As if holding its secret for too many years, the string snapped as I tried to untie it. Inside, on top of a bundle of papers, was just the insert from a wallet. It held two faded bus passes, eighty-eight cents in old coins and a picture of Mom. I confess it stopped me. I didn’t expect to find an I.D. but to have no other picture but this 50-year-old snapshot of the woman he left was shocking. Amid the pile of medical notes that were the bulk of this packet, was a police report of the “John Doe” who had been brought in.
The carbon copy was smudged illegible in many places and the entire form was poorly hand written but it told the story of a police chase following a bank robbery. Nothing impressive by today’s standard I’m sure, but it ended with the gangsters’ car crashing through a crowd at the crosswalk at Lincoln and Colorado in Santa Monica, on December 17th, 1956. An unattended infant was found in a stroller at the scene.
The address on a script in the diaper bag led police to return the child home. A woman, rushing for the bus, was killed in the crash. The police reasoned that, since the woman was a near neighbor, the child was in her care when she was killed though the mother, the report said, did not recognize the dead woman’s name or photo.

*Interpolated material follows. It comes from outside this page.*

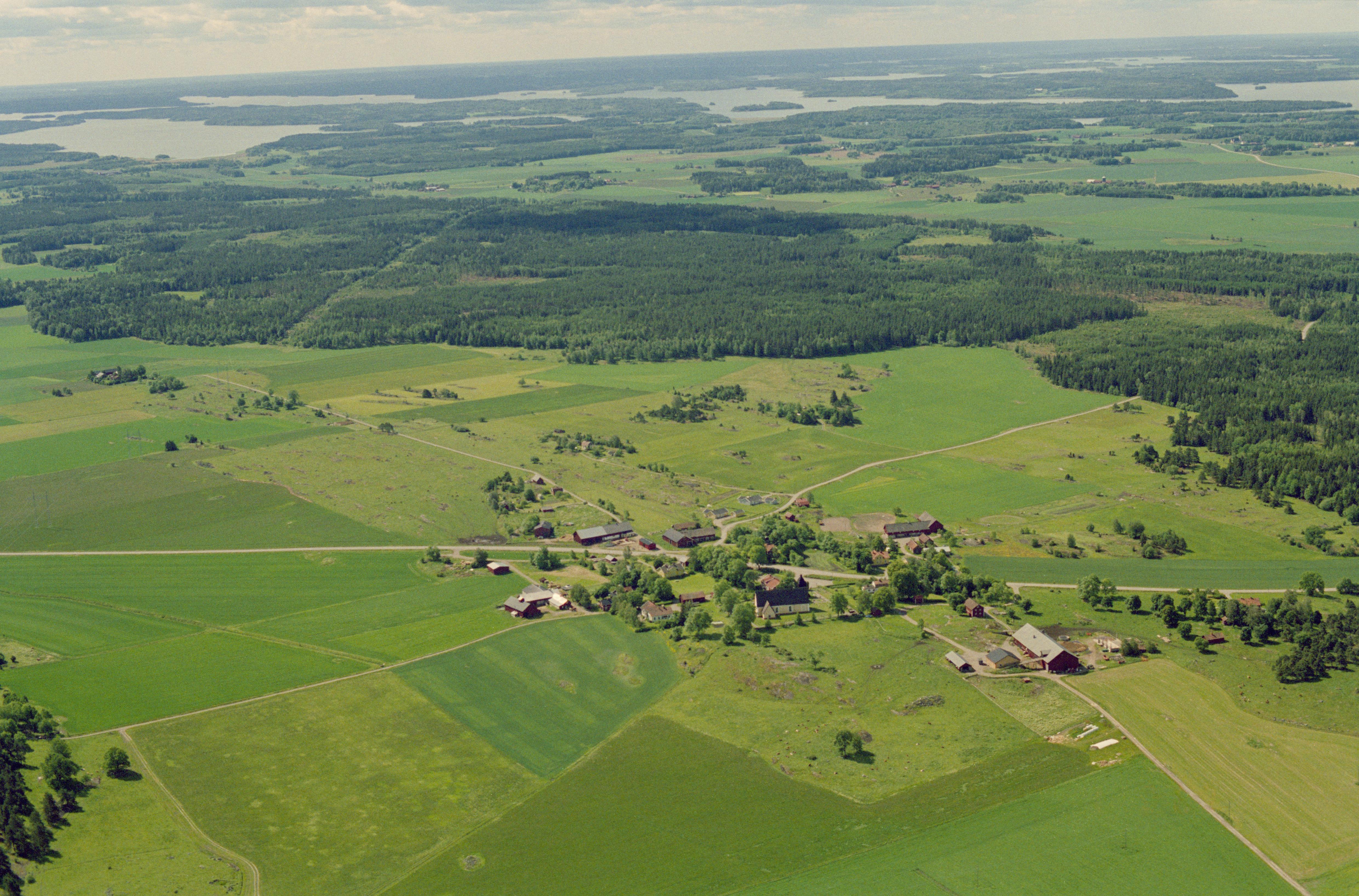 Beskrivning: I bildens nedre del till höger område med hällristningar RAÄnr Boglösa 172:1-7. Vid bildens mitt Boglösa kyrka och kyrkby. I bildens övre del socknen Lillkyrka, Vallby, Kungs-Husby m.fl. mot Stabyfjärden i Mälaren. Bilden är tagen mot (väderstreck): S
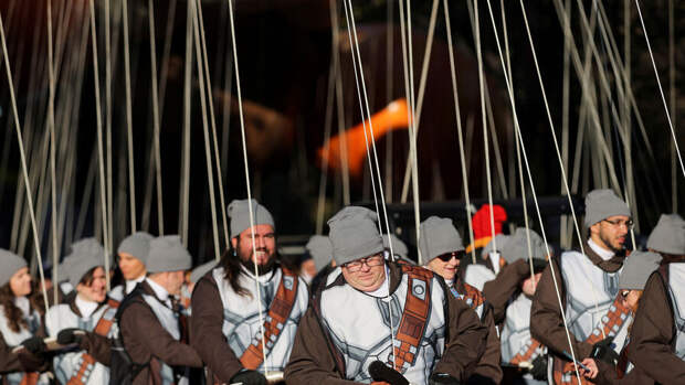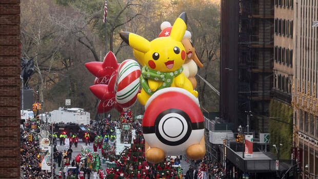 В Нью-Йорке прошел традиционный парад Macy's в честь Дня благодарения. По улицам Манхэттена проплыли гигантские надувные фигуры героев мультфильмов, динозавров и сладостей. Во главе колонны двигалась огромная фигура главного символа праздника – индейки.

This, I assume, was another chapter of mistakes made by detectives more interested in clearing their caseload than matching facts with reality. An unrelated “John Sierra” wasn’t found until the next morning. The impact had tossed him deep into pile of trash several feet from the corner. When sanitation workers found him, freezing, bleeding, twisted and discarded, it was a miracle he was still alive. If such a thing can be called a miracle.
Rifling through the old medical exams, I found it was true. The desiccated old man in there waiting to die had been first in the hospital, and then here, ever since. His fits of consciousness never lasted more than a day or two in that first year. An emergency tracheotomy never allowed him to speak again, and although his right hand was crushed in the accident, the notes he had managed to write with his left lead the doctors to conclude that his mind had been mutilated as well.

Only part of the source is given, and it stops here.